Variance of the estimators

(True) Variance of the OLS Estimator

If $Var(u|x)=\sigma^2$ and the four conditions (we used to prove unbiasedness of the OLS estimator) are satisfied,

\[ \begin{align} Var(\widehat{\beta}_1) = \frac{\sigma^2}{\sumn (x_i-\bar{x})^2}=\frac{\sigma^2}{SST_x} \end{align} \]

(TRUE) Standard Error of the OLS Estimator

The standard error of the the OLS estimator is just a square root of the variance of the OLS estimator.

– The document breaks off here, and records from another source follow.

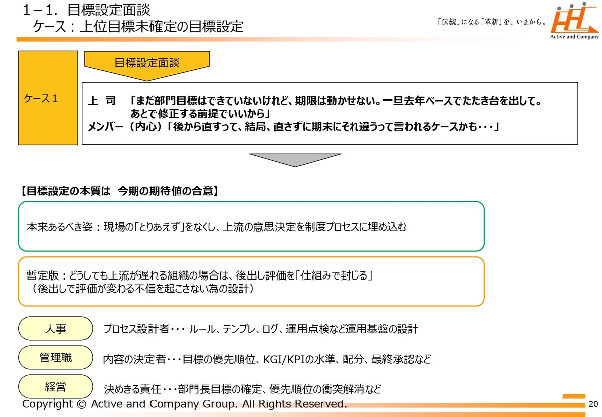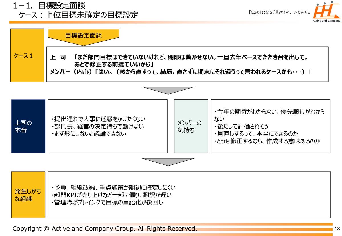 さっそくケース1に入っていきたいと思います。目標設定面談です。目標を設定していただくことが最初のスタートになるんですが、この時に、まだ部門目標が決定していないんだけれども、期限は動かせないので、「去年のベースを叩き台にして目標を作ってよ。あとで修正する前提でいいから」というようなかたちで上司の方がメンバーに言われるケースを、実際に私も見聞きしております。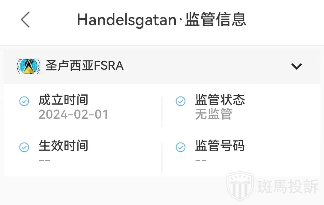 据查询,圣卢西亚FSRA指出,Handelsgatan平台未在本委员会的相应登记处注册,因此未获提供投资服务或从事FSRA监管范围内的其他活动的授权。望投资者警惕。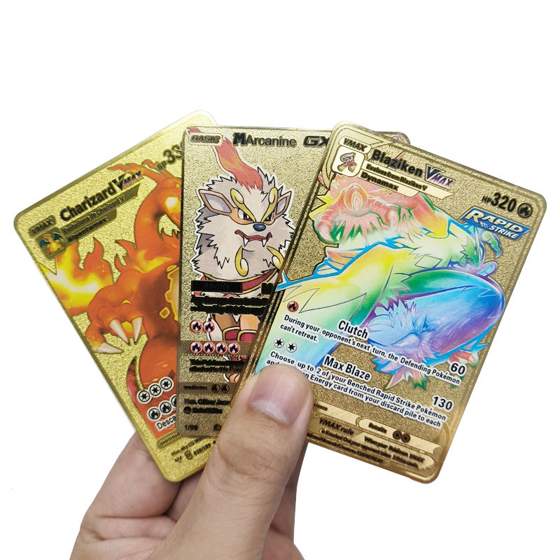 Vente en gros de cartes de jeu Pokemoned personnalisées de haute qualité-Vmax avec Charizard 1st Gold Black Stainless Steel Metal Finish Plastic

We use $se(\widehat{\beta}_1)$ to denote it.

\[ \begin{aligned} se(\widehat{\beta}_1) = \sqrt{Var(\widehat{\beta}_1)} = \frac{\sigma}{\sqrt{SST_x}} \end{aligned} \]

Variance of the OLS estimators

\[Var(\widehat{\beta}_1|x) = \sigma^2/SST_x\]

What can you learn from this equation?

the variance of OLS estimators is smaller (larger) if the variance of error term is smaller (larger)
the greater (smaller) the variation in the covariate $x$, the smaller (larger) the variance of OLS estimators
- if you are running experiments, spread the value of $x$ as much as possible
- you will rarely have this luxury

Efficiency of OLS Estimators

Nature of error term
Visualization
House Price Example
Gauss-Markov Theorem
Notes

Homoskedasticity

The error $u$ has the same variance give any value of the covariate $x$ $(Var(u|x)=\sigma^2)$

Heterokedasticity

The variance of the error $u$ differs depending on the value of $x$ $(Var(u|x)=f(x))$

Gauss-Markov Theorem

Under conditions $SLR.1$ through $SLR.4$ and the homoskedasticity assumption ($SLR.5$), OLS estimators are the best linear unbiased estimators (BLUEs)

In other words,

No other unbiased linear estimators have smaller variance than the OLS estimators (desirable efficiency property of OLS)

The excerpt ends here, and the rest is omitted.